そういえば、あいつらはちゃんと見つけられたのかな?
「穂乃果!」
「あ、絵里ちゃん!と、優くん……」
「ふふ、穂乃果。おかえりなさい」
「穂乃果……よく頑張ったな。おかえり」
「うんっ!二人とも、ただいま!」
「あ、お兄ちゃん!!」
「よ、凛………それと、おかえり。皆」
俺たちが下に降りると、恐らく待っていたのだろう。いなくなっていた真姫と希とにこ、探しに来ていた海未と凛が一階にいた。

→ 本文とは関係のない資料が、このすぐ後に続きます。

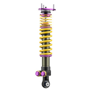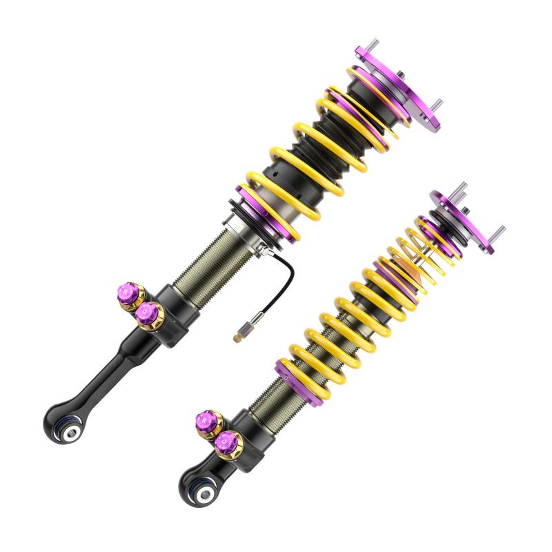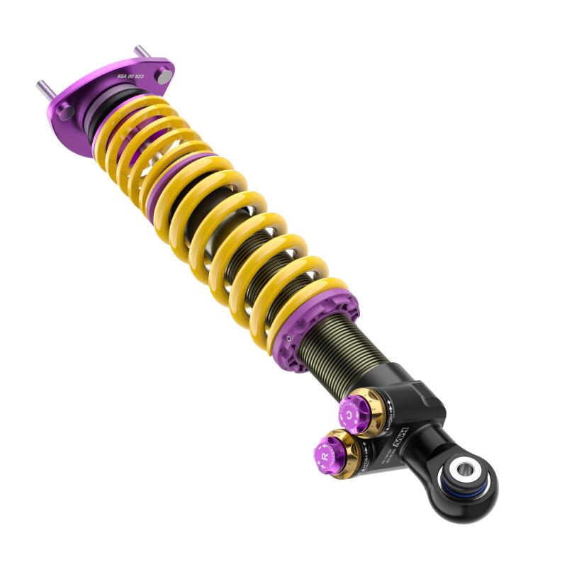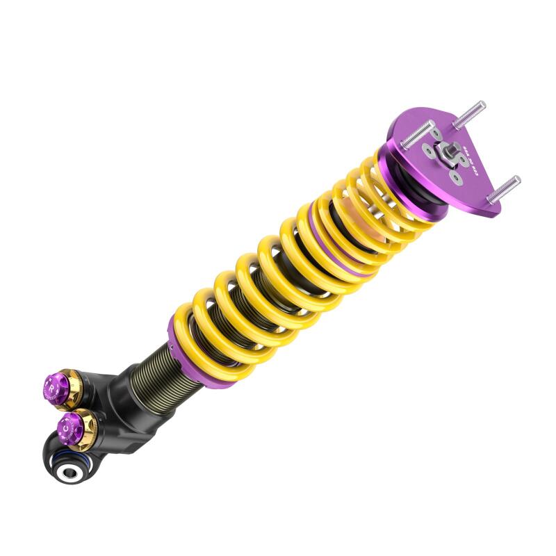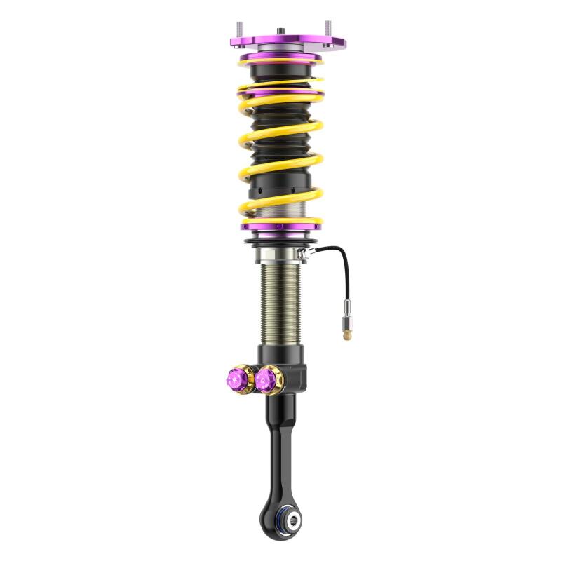 With the new KW V5 Clubsport coilover suspension, KW focuses on its successful motorsport suspension technology with KW Solid Piston Technology and modular design with damper valves connected in series. The KW V5 Clubsport assures precise and fast damping without delay. The shock absorbers and valves react directly, even with small spring travel, minimal steering movements, and minor road undulations. Every driving maneuver and input, such as those generated during braking, acceleration, steering, load changes, and undulations, are damped much more precisely. The KW Solid Piston dampers provide much more platform support to the chassis than conventional dampers and, depending on the vehicle allow for lower spring rates to be used. The KW V5 Clubsport with adjustable KW SPCLH-A (KW Solid Piston Compression Low- and Highspeed Adjustable) compression damping and KW SPRLH-A (KW Solid Piston Rebound Low- and Highspeed Adjustable) rebound damping offer significant added value: more sensitive damping, cavitation-free function, precise high-frequency damping, low-pressure gas range from 6 to 10 bar and low hysteresis. The valve units in the KW V5 Clubsport coilover suspension, which are built-in series with different valve spring types and main valves, offering the freedom to individually adjust the compression and rebound damping with 13 exact clicks (14 characteristic curves) each in the low- and high-speed range. The KW Solid Piston Technology can also be used to cover a large force range when designing the characteristic curves; all the more reason to enable a completely new type of harmonious damping. The KW V5 Clubsport coilovers feature our signature purple anodized KW Clubsport aluminum uniball solid top mounts for increased steering precision. Dial in a maximum or individual lowering within the tested adjustment range. Due to the dirt-resistant trapezoidal thread and the polyamide threaded ring, the continuous lowering can be adjusted quickly and easily.

「ただいま優くん。その様子だと、穂乃果ちゃんもただいまやね」
「うん。ごめんね、希ちゃん。あんなことして」
「ううん。ええんよ。それに、穂乃果ちゃんちゃんと応急処置してくれたやろ?それは穂乃果ちゃんの意思やと思うんや。ありがとね」
「穂乃果……もう戻ったのね」
「真姫ちゃん……ごめんね」
「もういいわよ。それより、あなたが戻ってくれて本当によかったわ。おかえりなさい」
「うん!ただいま」
「全く……穂乃果は世話かけるわね」
「にこちゃん……ごめ「ストップ」…え?」
「ごめんねは聞きたくないわ。そんなこと言うくらいなら次のライブでいい結果出して、ラブライブに私たちを出しなさいよ。約束よ」
「……うんっ!絶対出よう!」
「……ふふ。おかえり、穂乃果」
「ただいま!」
「穂乃果……」
「海未ちゃん。心配かけてごめんね」
「本当ですよ。全くあなたはいつもいつも振り回してくれますね。でも、そんなあなただからこそ、私たちは付いていくんです。これからも、しっかり導いてください。そして……」
『おかえり!穂乃果(ちゃん)!』
「うんっ!皆、ただいま!!」
「あれ?そういえばかよちんは?」
「あぁ、いるぞ。俺の肩に」
「え?…うわぁ!?担いでたの!?」
「今更かよ。まあ、色々あって気絶しちゃってな。応急処置はしてある」
「そ、そうなんだ……よかったぁ」
「ご、ご飯……」
さて、遂に終わりましたこの章。いかがでした?こういうものを書いてみたくて始めましたがまあまあの出来だったんじゃないかと思います。そしてこれを書き続けていると不意に日常編がすごい書きたくなるっていう衝動に駆られます。ですので次からは暫く日常を楽しんでください。それからはさっさとアニメを進めていこうと思います。